- What the task requires:
Transcribe every entry exactly, leaving out any pictures.

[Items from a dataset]
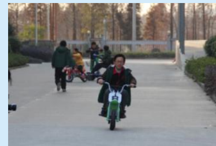
哥不信追不到你,妹子等我!
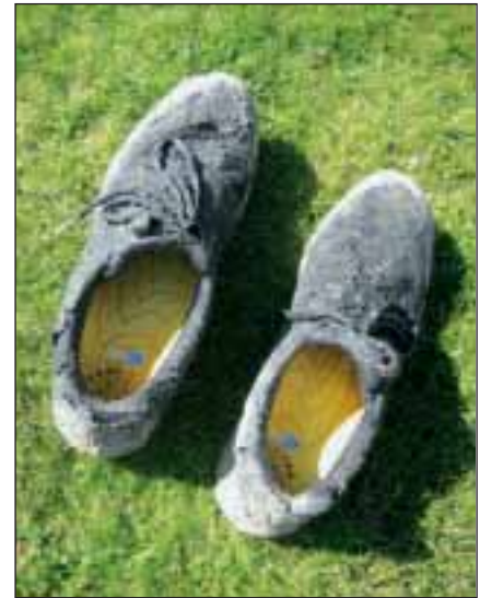
2 Auch wenn man nach dem Lauf vom eigentlichen Schuh außen nicht mehr viel sieht: Eine schmale und gut geformte Ferse stellt einen essentiellen Baustein der Sporteinlage dar.

Zur optimalen Passform der Einlage im Schuh sollte die Umrismaße sowie die Dicke (in der Regel 4 mm) der bestehenden Innensohle berücksichtigt werden. Zum Erreichen der optimalen
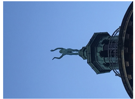
Adoranten på toppen af hjørnetårnet på Ny Carlsberg
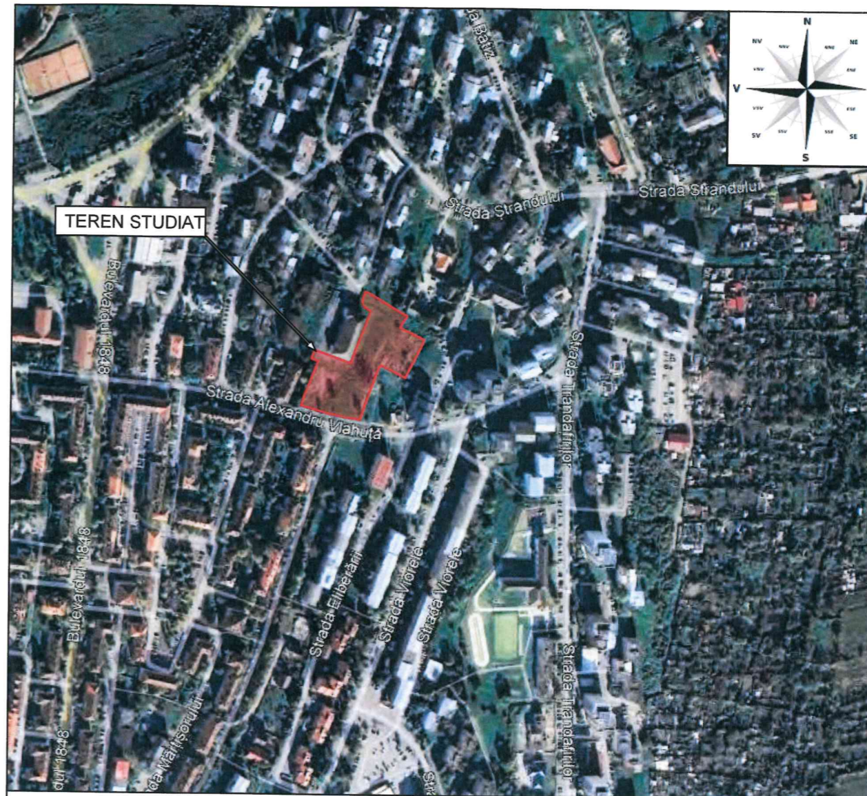
PLAN DE SITUATIE ORTOFOTOPLAN - SCARA 1:2000

Conform PUG aprobat cu HCL 91/1999 si prelungit cu HCL 485/2018 terenul studiat se afla in UTR 2 - alte zone cu functiuni complexe de interes public
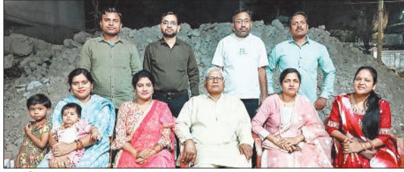
जयंती कार्यक्रम में शामिल समाज के लोग।
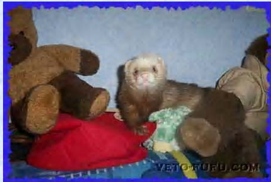
Muscat Furet cannelle
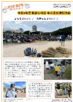
ボランティアレポート 「ボラボ」もよろしく願います!

ボランティアマッチングに関心をお持ちの方(団体)は、どうぞお気軽にお問い合わせください。
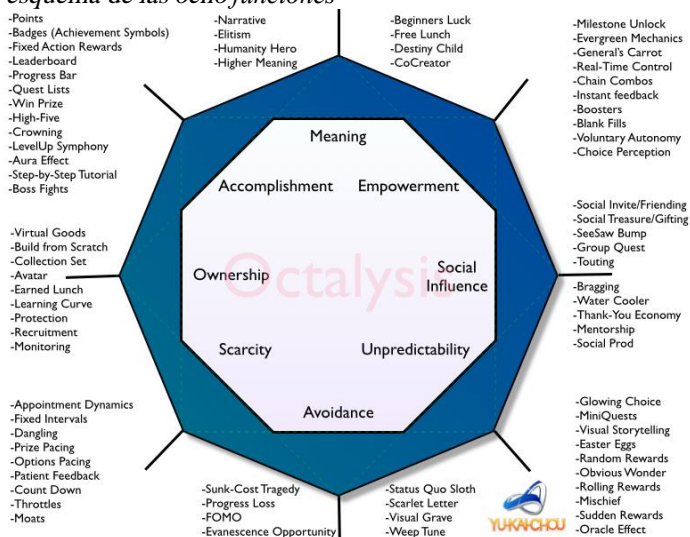
Imagen del esquema de las ocho funciones
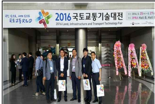
행사 참석자 전경2
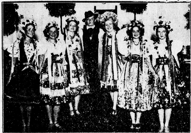
A legnagyobb sikert aratott Magyar rapszódia szereplői.
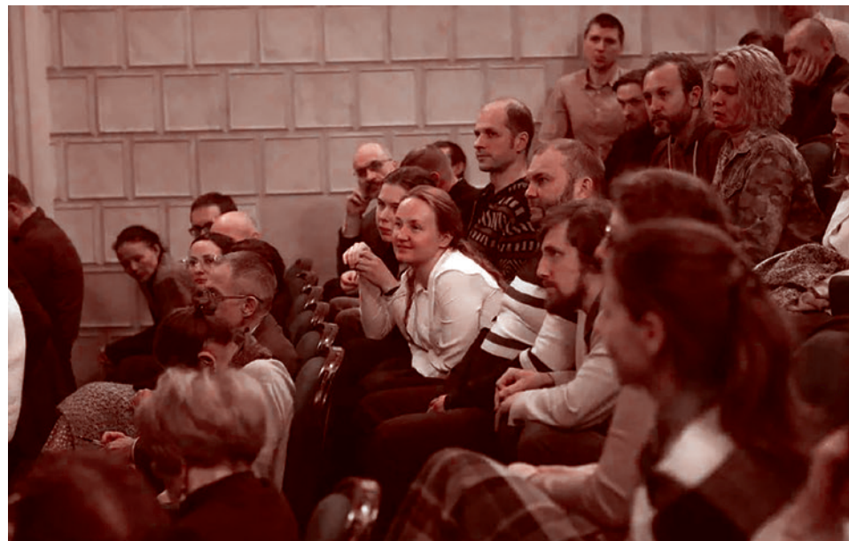
Участники внеочередной конференции движения «Суть времени»

Как только ты осознаешь, что имеет место новая историческая ситуация (а от такого осознания пытаются уйти очень многие), ты понимаешь, что если она постучалась к
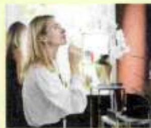
Fragranze alla Stazione Leopolda - ore 10-18

FIERE, SAGRE, MERCATI E MERCATINI DEL WEEKEND da pag. 42 a pag. 62
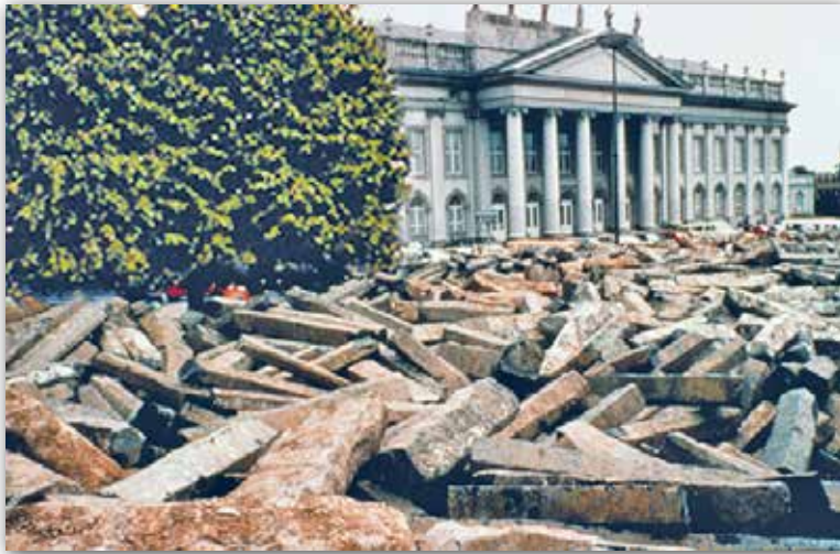
Ёзэф Бойс. 7000 дубоў (пачатак акцыі — 1982 г.)

Змяніць прастору, зірнуўшы на яе вачыма мастака, імкнуліся майстры інсталляцый (англ. installation — устаноўка, мантаж). Выкарыстоўваючы разнастайныя прадметы для трансфармацыі асяроддзя ў мастацкую прастору, яны змянялі свет згодна з патрабаваннямі часу. У адной кампазіцыі мастакі прымянялі розныя тэхнікі мастацтва — і жывапісныя, і графічныя, і пластычныя. Часам сумяшчаліся нават сродкі выразнасці няроднасных відаў мастацтва, напрыклад жывапісу і кіно.
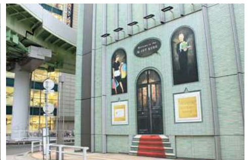
ミント神戸(だまし絵)
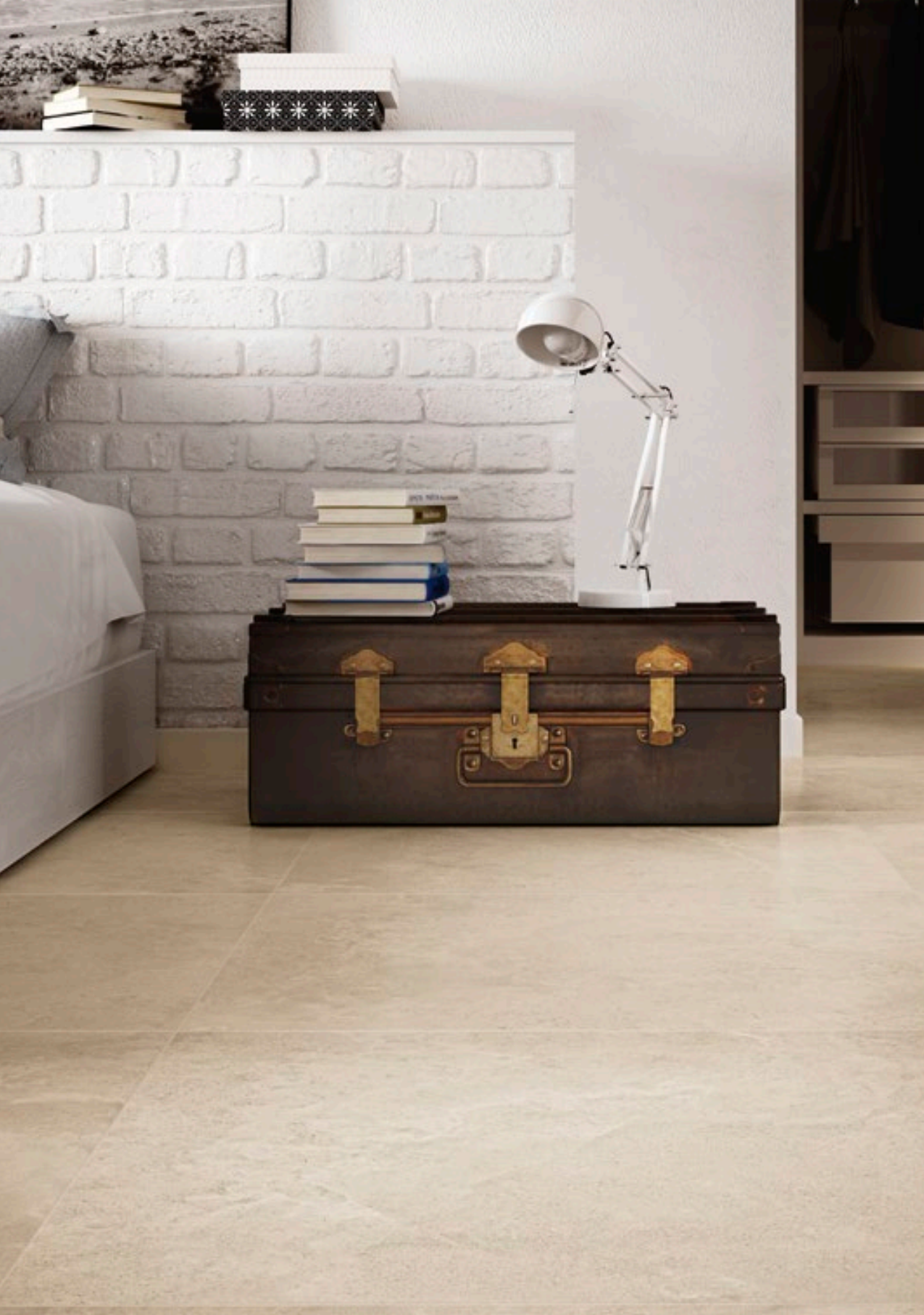
R54A Trace Ivory rettificato 75x75
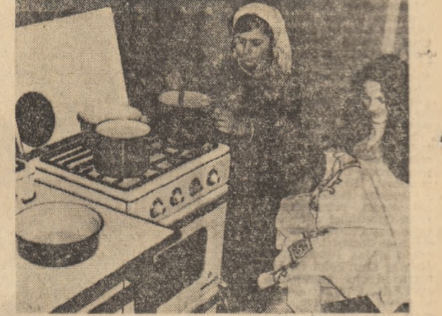
Fiecare filatoare este o gospodină. Și fiecare din ea este prețioasă...

- Your solution:
哥不信追不到你,妹子等我!
2 Auch wenn man nach dem Lauf vom eigentlichen Schuh außen nicht mehr viel sieht: Eine schmale und gut geformte Ferse stellt einen essentiellen Baustein der Sporteinlage dar.

Zur optimalen Passform der Einlage im Schuh sollte die Umrismaße sowie die Dicke (in der Regel 4 mm) der bestehenden Innensohle berücksichtigt werden. Zum Erreichen der optimalen
Adoranten på toppen af hjørnetårnet på Ny Carlsberg
PLAN DE SITUATIE ORTOFOTOPLAN - SCARA 1:2000

Conform PUG aprobat cu HCL 91/1999 si prelungit cu HCL 485/2018 terenul studiat se afla in UTR 2 - alte zone cu functiuni complexe de interes public
जयंती कार्यक्रम में शामिल समाज के लोग।
Muscat Furet cannelle
ボランティアレポート 「ボラボ」もよろしく願います!

ボランティアマッチングに関心をお持ちの方(団体)は、どうぞお気軽にお問い合わせください。
Imagen del esquema de las ocho funciones
행사 참석자 전경2
A legnagyobb sikert aratott Magyar rapszódia szereplői.
Участники внеочередной конференции движения «Суть времени»

Как только ты осознаешь, что имеет место новая историческая ситуация (а от такого осознания пытаются уйти очень многие), ты понимаешь, что если она постучалась к
Fragranze alla Stazione Leopolda - ore 10-18

FIERE, SAGRE, MERCATI E MERCATINI DEL WEEKEND da pag. 42 a pag. 62
Ёзэф Бойс. 7000 дубоў (пачатак акцыі — 1982 г.)

Змяніць прастору, зірнуўшы на яе вачыма мастака, імкнуліся майстры інсталляцый (англ. installation — устаноўка, мантаж). Выкарыстоўваючы разнастайныя прадметы для трансфармацыі асяроддзя ў мастацкую прастору, яны змянялі свет згодна з патрабаваннямі часу. У адной кампазіцыі мастакі прымянялі розныя тэхнікі мастацтва — і жывапісныя, і графічныя, і пластычныя. Часам сумяшчаліся нават сродкі выразнасці няроднасных відаў мастацтва, напрыклад жывапісу і кіно.
ミント神戸(だまし絵)
R54A Trace Ivory rettificato 75x75
Fiecare filatoare este o gospodină. Și fiecare din ea este prețioasă...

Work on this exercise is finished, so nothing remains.